• **Exercise directions**: The entries below need to be transcribed exactly, without their images.

*** Information supplied Section Begins ***

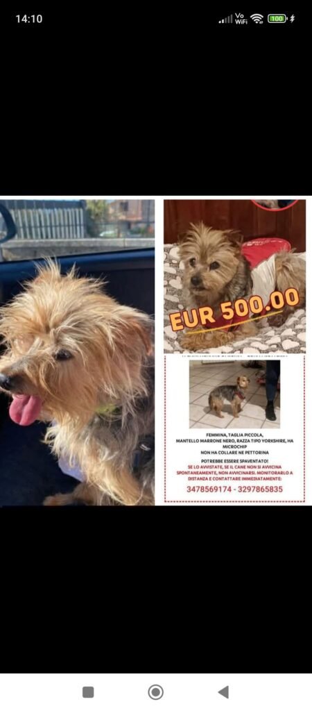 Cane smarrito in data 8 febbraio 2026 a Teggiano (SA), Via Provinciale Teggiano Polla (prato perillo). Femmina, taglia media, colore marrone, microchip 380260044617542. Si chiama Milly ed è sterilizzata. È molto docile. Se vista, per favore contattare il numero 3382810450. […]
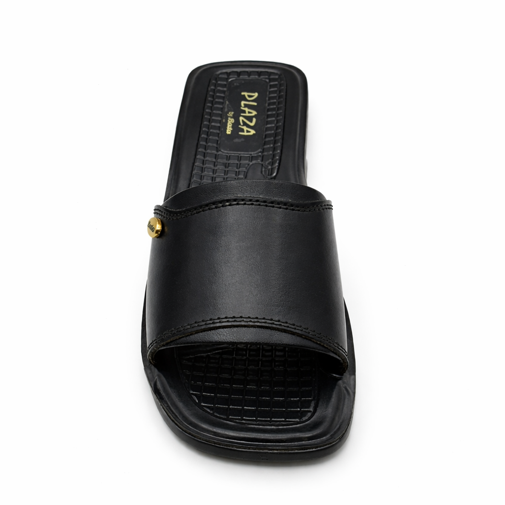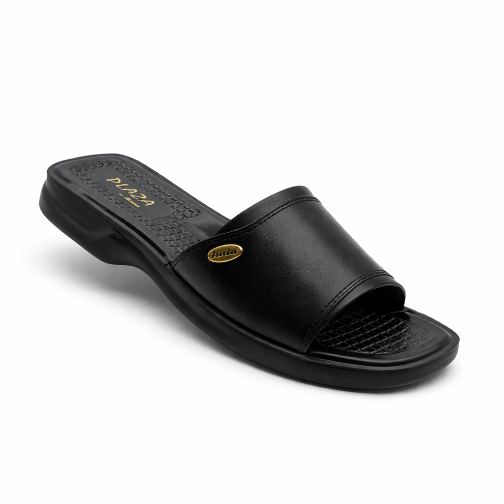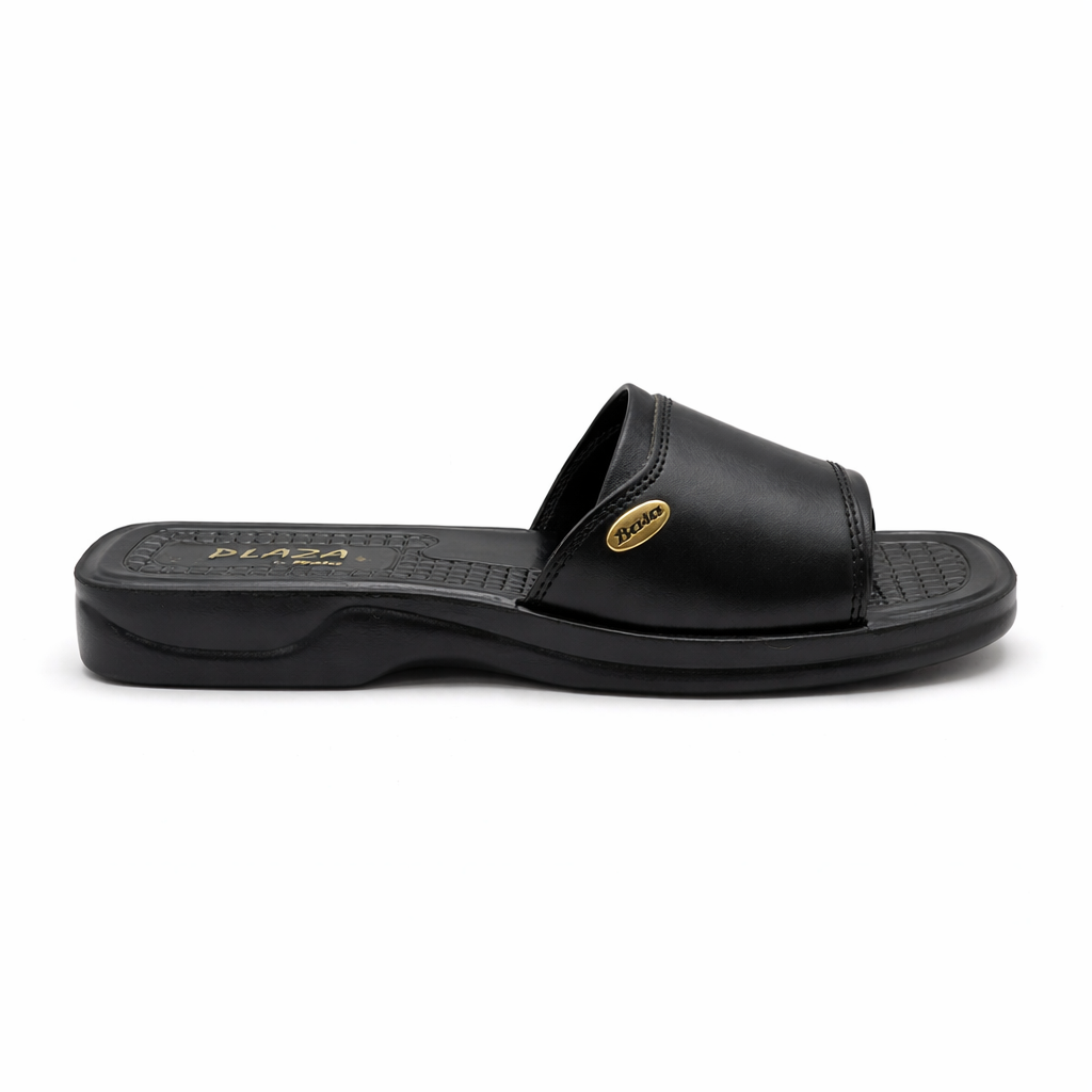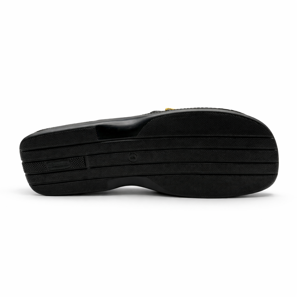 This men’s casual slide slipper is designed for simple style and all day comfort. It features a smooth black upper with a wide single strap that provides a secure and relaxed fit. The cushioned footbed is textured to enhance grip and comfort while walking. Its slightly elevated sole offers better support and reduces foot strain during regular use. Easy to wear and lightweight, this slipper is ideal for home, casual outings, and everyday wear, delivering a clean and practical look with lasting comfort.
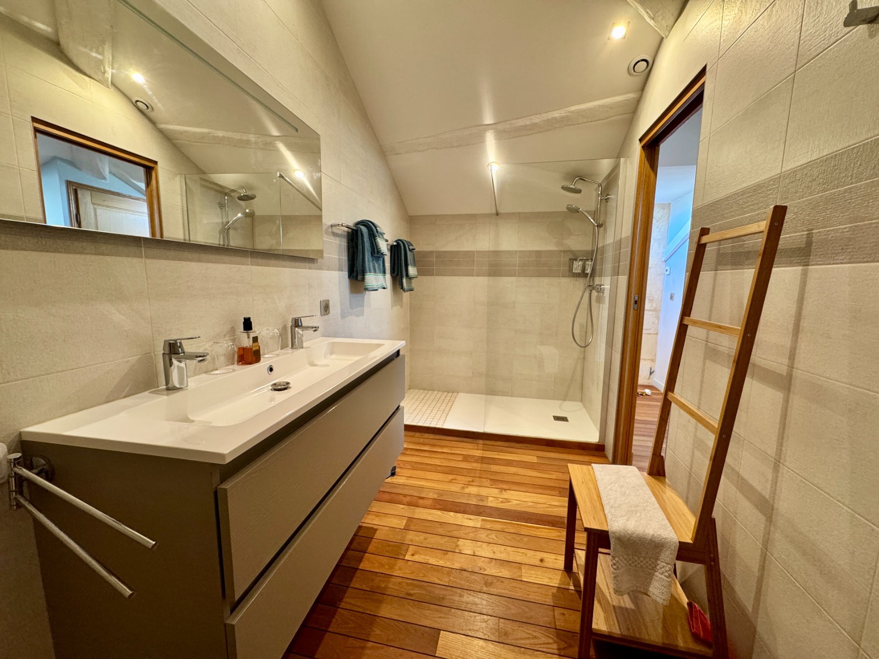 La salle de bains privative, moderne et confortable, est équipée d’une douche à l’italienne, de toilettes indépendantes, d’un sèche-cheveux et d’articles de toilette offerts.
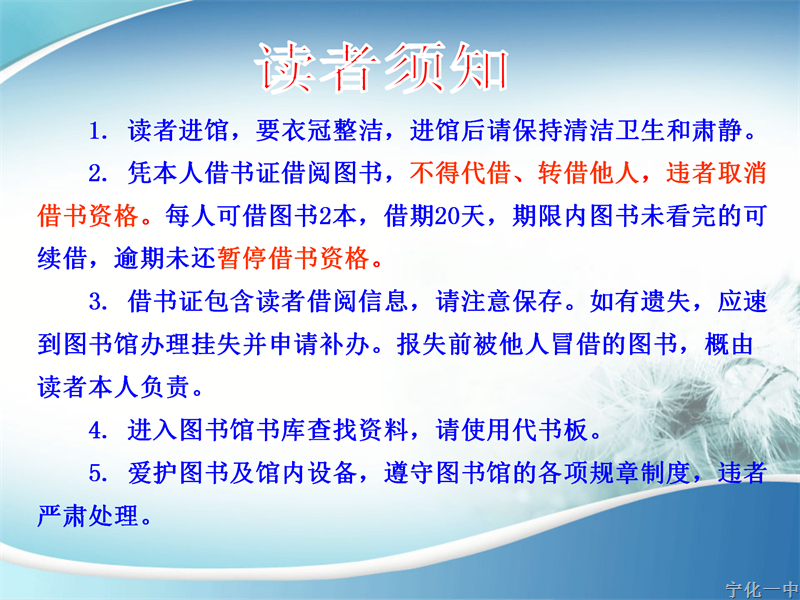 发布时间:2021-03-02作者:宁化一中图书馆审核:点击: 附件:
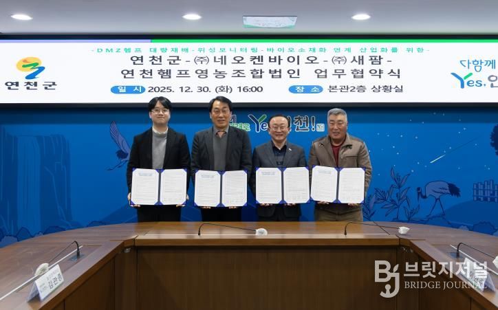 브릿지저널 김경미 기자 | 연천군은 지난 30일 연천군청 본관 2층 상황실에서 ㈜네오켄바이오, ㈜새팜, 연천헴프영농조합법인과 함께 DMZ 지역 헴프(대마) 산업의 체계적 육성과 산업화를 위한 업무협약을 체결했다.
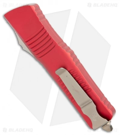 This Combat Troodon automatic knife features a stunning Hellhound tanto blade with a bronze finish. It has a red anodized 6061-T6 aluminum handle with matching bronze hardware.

*** Information supplied Section Ends ***

• **Output for this exercise**:
 Cane smarrito in data 8 febbraio 2026 a Teggiano (SA), Via Provinciale Teggiano Polla (prato perillo). Femmina, taglia media, colore marrone, microchip 380260044617542. Si chiama Milly ed è sterilizzata. È molto docile. Se vista, per favore contattare il numero 3382810450. […]
 This men’s casual slide slipper is designed for simple style and all day comfort. It features a smooth black upper with a wide single strap that provides a secure and relaxed fit. The cushioned footbed is textured to enhance grip and comfort while walking. Its slightly elevated sole offers better support and reduces foot strain during regular use. Easy to wear and lightweight, this slipper is ideal for home, casual outings, and everyday wear, delivering a clean and practical look with lasting comfort.
 La salle de bains privative, moderne et confortable, est équipée d’une douche à l’italienne, de toilettes indépendantes, d’un sèche-cheveux et d’articles de toilette offerts.
 发布时间:2021-03-02作者:宁化一中图书馆审核:点击: 附件:
 브릿지저널 김경미 기자 | 연천군은 지난 30일 연천군청 본관 2층 상황실에서 ㈜네오켄바이오, ㈜새팜, 연천헴프영농조합법인과 함께 DMZ 지역 헴프(대마) 산업의 체계적 육성과 산업화를 위한 업무협약을 체결했다.
 This Combat Troodon automatic knife features a stunning Hellhound tanto blade with a bronze finish. It has a red anodized 6061-T6 aluminum handle with matching bronze hardware.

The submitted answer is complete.